Oral biofilms can degrade the components in dental resin-based composite restorations, thus compromising marginal integrity and leading to secondary caries. This study investigates the mechanical integrity of the dentin-composite interface challenged with multi-species oral biofilms. While most studies used single-species biofilms, the present study used a more realistic, diverse biofilm model produced directly from plaques collected from donors with a history of early childhood caries. Dentin-composite disks were made using bovine incisor roots filled with Z100(TM) or Filtek(TM) LS (3M ESPE). The disks were incubated for 72 h in paired CDC biofilm reactors, using a previously published protocol. One reactor was pulsed with sucrose, and the other was not. A sterile saliva-only control group was run with sucrose pulsing. The disks were fractured under diametral compression to evaluate their interfacial bond strength. The surface deformation of the disks was mapped using digital image correlation to ascertain the fracture origin. Fracture surfaces were examined using scanning electron microscopy/energy-dispersive X-ray spectroscopy to assess demineralization and interfacial degradation. Dentin demineralization was greater under sucrose-pulsed biofilms, as the pH dropped <5.5 during pulsing, with LS and Z100 specimens suffering similar degrees of surface mineral loss. Biofilm growth with sucrose pulsing also caused preferential degradation of the composite-dentin interface, depending on the composite/adhesive system used. Specifically, Z100 specimens showed greater bond strength reduction and more frequent cohesive failure in the adhesive layer. This was attributed to the inferior dentin coverage by Z100 adhesive, which possibly led to a higher level of chemical and enzymatic degradation. The results suggested that factors other than dentin demineralization were also responsible for interfacial degradation. A clinically relevant in vitro biofilm model was therefore developed, which would effectively allow assessment of the degradation of the dentin-composite interface subjected to multi-species biofilm challenge.

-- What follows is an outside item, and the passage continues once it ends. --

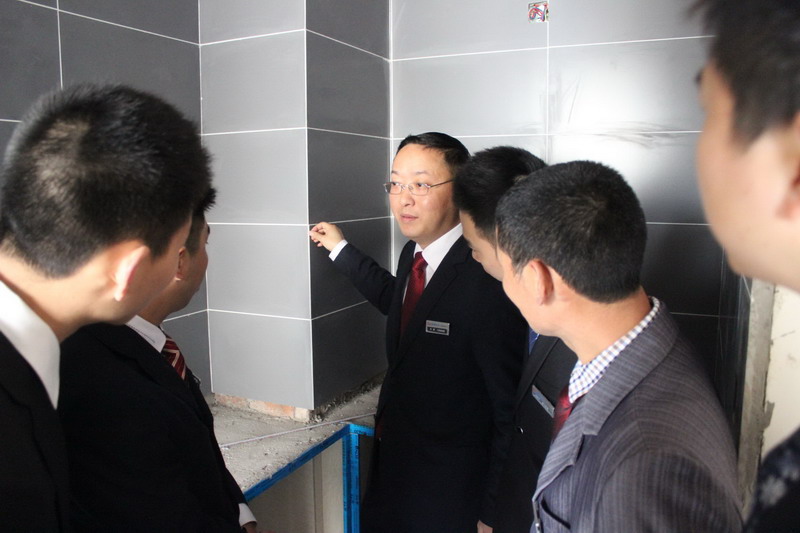 文經(jīng)理正在向大家認(rèn)真講解貼磚工藝細(xì)節(jié)

口腔生物膜可降解牙本质树脂基复合材料修复体中的成分,从而降低边缘完整性,并导致继发龋。本研究调查了经多物种口腔生物膜挑战后的牙本质-复合材料界面的机械完整性。虽然大多数研究使用单物种生物膜,但本研究使用了一种更现实、更具多样性的生物膜模型,该模型直接来自于有早期儿童龋病史的供体斑块中培养。使用牛切牙根填充 Z100(TM)或 Filtek(TM) LS(3M ESPE)制成牙本质-复合材料圆盘。使用先前发表的方案,将圆盘在配对的 CDC 生物膜反应器中孵育 72 小时。一个反应器用蔗糖脉冲,另一个则不用。用蔗糖脉冲运行无菌唾液对照。将圆盘在直径压缩下断裂,以评估其界面结合强度。使用数字图像相关技术对圆盘的表面变形进行映射,以确定断裂起源。使用扫描电子显微镜/能量色散 X 射线光谱法检查断裂表面,以评估脱矿质和界面降解。在蔗糖脉冲生物膜下,牙本质脱矿化更大,因为脉冲过程中 pH 值降至 <5.5,LS 和 Z100 标本的表面矿物质损失相似。用蔗糖脉冲进行生物膜生长还导致了复合材料-牙本质界面的优先降解,具体取决于使用的复合材料/胶粘剂系统。具体而言,Z100 标本显示出更大的结合强度降低和更频繁的胶粘剂层内聚性失效。这归因于 Z100 胶粘剂对牙本质的覆盖不足,这可能导致更高水平的化学和酶降解。结果表明,界面降解的原因除了牙本质脱矿化之外还有其他因素。因此,开发了一种临床相关的体外生物膜模型,该模型可有效地评估多物种生物膜挑战下牙本质-复合材料界面的降解情况。